The finite-temperature optical conductivity $\sigma(\omega)$ in the planar $t-J$ model is analysed using recently introduced numerical method based on the Lanczos diagonalization of small systems (up to 20 sites), as well as by analytical approaches, including the method of frequency moments and the retraceable-path approximation. Results for a dynamical mobility of a single hole at elevated temperatures $T>t$ reveal a Gaussian-like $\mu(\omega)$ spectra, however with a nonanalytical behavior at low $\omega$. In the single hole response a difference between the ferromagnetic (J=0) and the antiferromagnetic ($J>0$) polaron shows up at $TT^*\ge 0.1~t$. $\sigma(\omega)$ spectra show a non-Drude falloff at large frequencies.
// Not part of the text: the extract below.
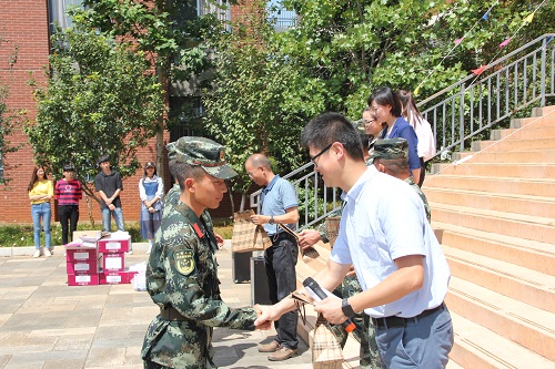 在交通楼广场对2018级的教官与新生进行慰问。出席此次慰问活动的人员有交通院党委书记马旭东、党委副书记张强、学生工作办公室主任王懿娜、团委负责人晁洁、2018级辅导员寸议鹏、武警机动第八支队副参谋长李永林中校、武警机动第八支队五大队副队长田万良少校、张小飞、蒋晓龙班长以及军训的教官和2018级全体参训新生。

In particular for `optimum' doping $n_h \sim 0.2$ we obtain in the low-$\omega,T$ regime the relaxation rate $\tau^{-1} \sim 0.6 (\omega+\xi T)$ with $\xi \sim 3$, being consistent with the marginal Fermi liquid concept and experiments. Within the same regime we reproduce the nearly linear variation of dc resistivity $\rho$ with $T$. This behavior is weakly dependent on $J$, provided that $J<t$.